There are probably two options on doing formal studies of the Philippines. The first (rather more common and traditional) is by way of specialized academic disciplines. We look at the Philippines from lenses of theories and evidence that, by long academic practice, have been grouped into departamentalized bodies of knowledge. This approach, rooted in Kantian, Humboldtian and Cartesian models of putting together and classifying knowledge into related areas of interests, lend to scholarly focusing that stress achieving high internal validity (Trompf 2011; Frodeman 2011).

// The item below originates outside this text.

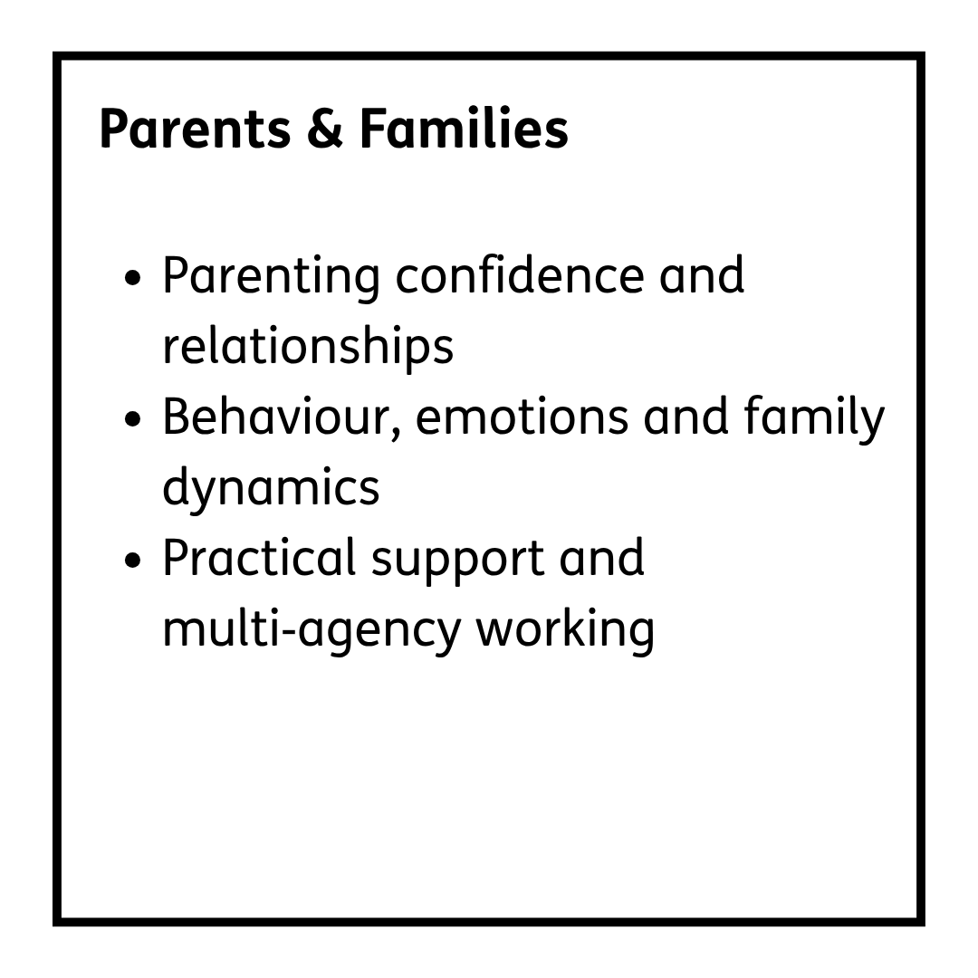 We offer a comprehensive range of 1:1 support sessions, group interventions, staff-focused services, and family-based support. Each service is designed to be adaptable and responsive to individual and organisational needs
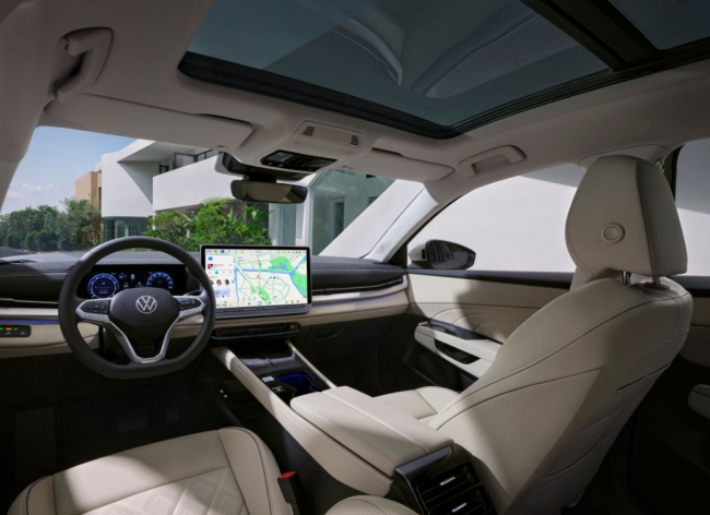 空间与美学的双向奔赴,是全新速腾L的亮眼答卷。其拥有4812mm的A+级最长车身,依托紧凑化动力总成与优化车身结构设计,实现84.5%的同级最优得房率,1849mm的纵向乘坐空间直逼B级车水准,搭配21处精细化储物空间,让家庭出行的收纳需求得到全方位满足。在拓展空间的同时,整车姿态依旧舒展动感,流线型设计勾勒出优雅轮廓。IQ.Light像素矩阵大灯由32颗LED灯独立控光,实现精准照明;Surface LED尾灯与行业首创可翻转发光尾标相得益彰,夜晚点亮时辨识度十足;座舱内30色氛围灯与软质透光门板饰条交织,营造出通透细腻的家居质感。颜色选择上,新车提供极地白、锰石黑、晨雾绿等6种车身颜色,内饰新增浅色选项,为追求生活质感的消费者提供了更具温度的驾乘环境。

The second (rather difficult to do) is by pooling disciplines into singularities of inquiry. That is, fusing disciplines into “interdisciplinarities” or into cohesive and systematic interweaving of theories, evidence and methods of several disciplines toward understanding a common event or phenomenon of interest (Reyers et al. 2011 c.f. Jantsch 1972, Max-Neef 2005 & Lengwiler 2006). Trompf (2011) sees this as about discovering “a synthesizing principle by which all the distinctive methods of approaching the world might be viewed in interrelationship.” This approach puts premium to achieving high external validity. The analytical range of disciplines are extended and widened through methodological collaboration and complementation with other disciplines (Frodeman 2011).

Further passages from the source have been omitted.